### [THE INPUT]
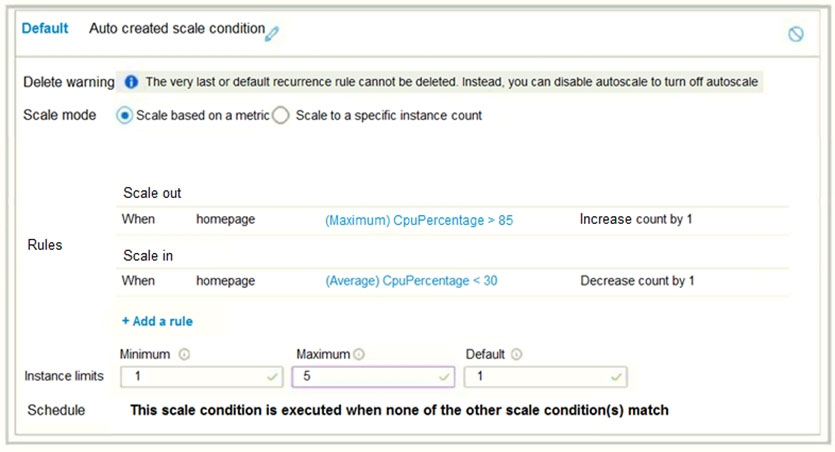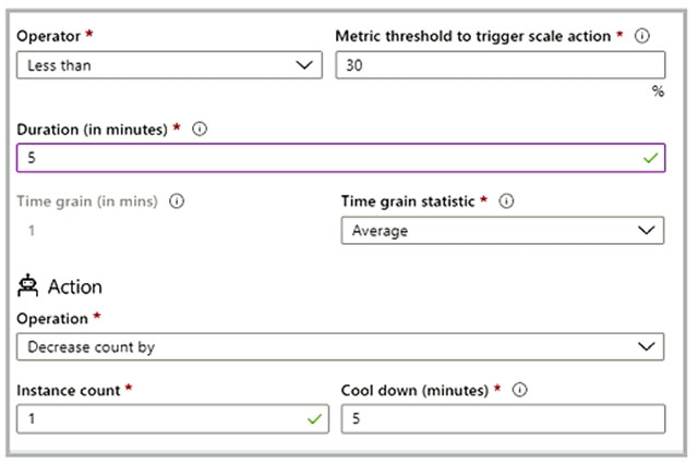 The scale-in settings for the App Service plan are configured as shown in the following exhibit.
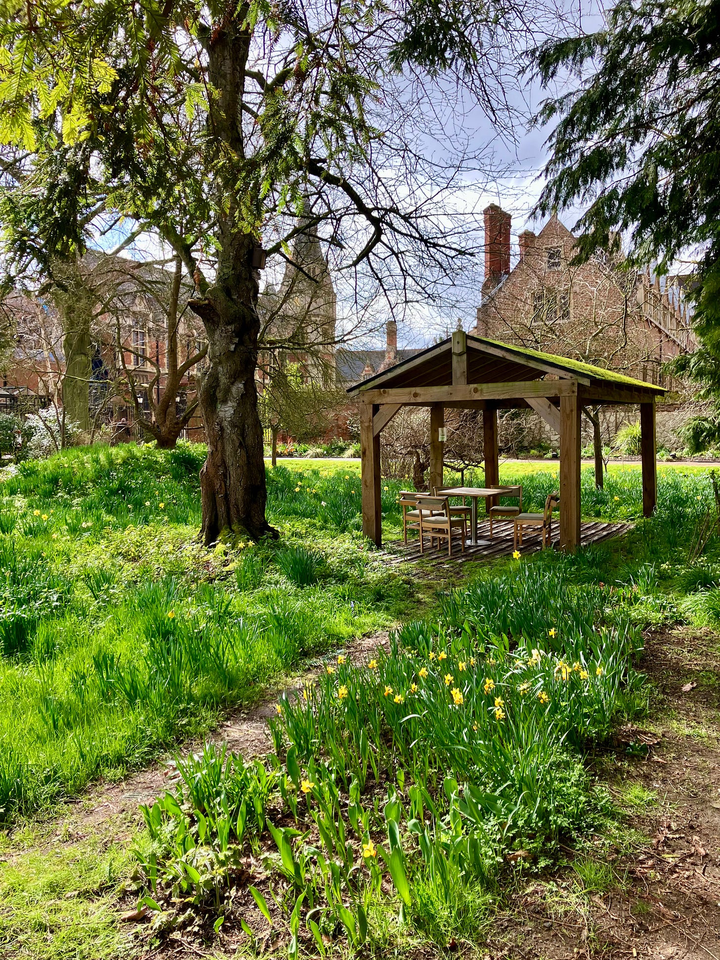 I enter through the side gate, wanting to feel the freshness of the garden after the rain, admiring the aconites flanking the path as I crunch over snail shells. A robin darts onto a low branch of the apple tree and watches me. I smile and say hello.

--

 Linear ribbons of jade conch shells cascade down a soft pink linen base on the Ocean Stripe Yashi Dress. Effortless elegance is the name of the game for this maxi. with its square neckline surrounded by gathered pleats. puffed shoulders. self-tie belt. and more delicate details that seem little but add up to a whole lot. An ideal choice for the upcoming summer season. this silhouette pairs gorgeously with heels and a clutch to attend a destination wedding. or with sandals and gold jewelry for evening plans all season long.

### [ABOUT THIS TASK]
Every line above in the stretch from the one with "The scale-in settings" through the one with "I enter through" is to be transcribed exactly, ends included. No picture is copied.

### [TASK SOLUTION]
 The scale-in settings for the App Service plan are configured as shown in the following exhibit.
 I enter through the side gate, wanting to feel the freshness of the garden after the rain, admiring the aconites flanking the path as I crunch over snail shells. A robin darts onto a low branch of the apple tree and watches me. I smile and say hello.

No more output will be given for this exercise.